View attachment 24900

Click to expand...

Brilliant, you'll be a poor man all your life if you follow his dreams doing that sport. An old friend of mine up here takes his Daughter everywhere round the country, he even drove her to Switzerland the other week as she was representing GB. Ciara Robertson is her name.


----------



## drewster (May 1, 2018)

At the risk of sounding the most boring man on earth, rather than watch crap tele I do like to do a decent jigsaw while listening to whatever on spotify !!!  Dull I know but it clears my head after a tough day in the office and there's only so many reruns of Downton Abbey I can take........ i'll get my coat !!!!!


----------



## Dibby (May 1, 2018)

Aside from golf, I like to spend time with my family, and time in the gym. I used to do a lot of competitive weightlifting, now retired from that, but tempted to have a go in some of the master's comps, as competing against fellow old men will give me more of a chance than in open comps against the young guys. Also thinking of having a go a strongman, atlas stones, pulling trucks, throwing kegs, and that kind of thing.

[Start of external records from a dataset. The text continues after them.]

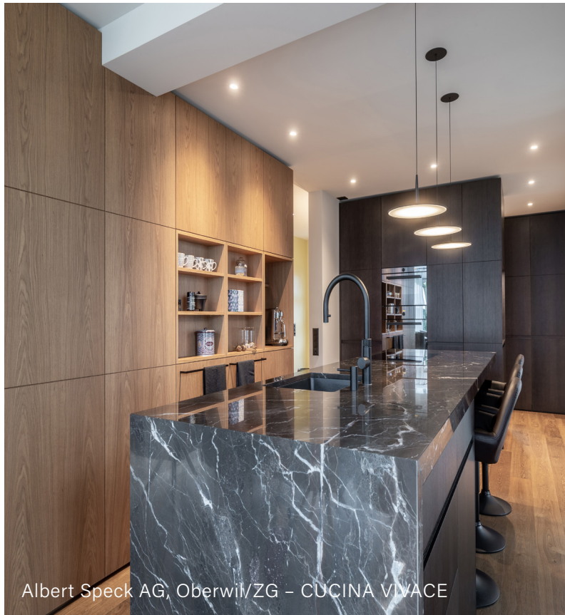
Albert Speck AG, Oberwil/ZG – CUCINA VIVACE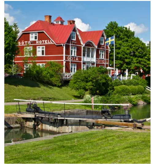
Schwedische Impressionen, Göta Hotell

angelegt. Die Kirche gehört zu den interessantesten in Schweden und beherbergt zahlreiche mittelalterliche Kleinode. Heute wird sie als Pfarrkirche genutzt und kann daher nicht immer besichtigt werden. Wer keine Lust auf Kloster und Kirche hat, der kann auch ein schönes Bad im See Roxen nehmen. In Heda gehen die Ausflügler zurück an Bord und die DIANA passiert das erste Aquädukt der Reise. Sie erreichen das idyllische Kanaldorf Borensberg mit einer von Hand zu bedienenden Schleuse. Vielleicht erspähen Sie das renommierte Göta Hotell von 1908 auf Ihrem Weg zur Schleusentreppe in Borensult mit fünf zusammenhängenden Schleusen und einem gesamten Höhenunterschied von 15,3 m. Motala erlangte durch die 1822 hier angesiedelte Motala Werkstad den Ruf als „Wiege der schwedischen Industrie“. Hier befindet sich auch der Hauptsitz der Firma AB Göta Kanalbolag, die für den Betrieb und den Unterhalt des Kanals verantwortlich ist. Sie besuchen das Motala Motormuseum mit umfassender Sammlung von Autos, und Motorrädern in zeittypischen Szenarien, Radios, Spielzeug und allerlei Kuriositäten.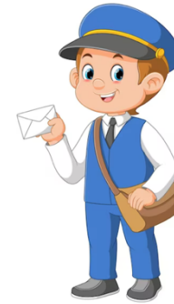
Facteur / Factrice

I believe that the gym work has actually benefitted my golf a lot. I wouldn't suggest people need to go to weightlifter or strongman levels of training, but being stronger, more flexible and faster will improve your game and reduce injury risk. It's becoming apparent in the pro game that physical condition matters, but it seems to not have hit the amateur game to the same level.


----------



## hors limite (May 1, 2018)

Have had dogs for the past 20 years so plenty of walking. A couple of years ago, a Rhodesian Ridgeback joined the family. Decided to do some more formal training with him and joined a group. We both enjoyed it and I have now trained to be a trainer. The dogs are often easier to train than their owners.


----------



## SwingsitlikeHogan (May 1, 2018)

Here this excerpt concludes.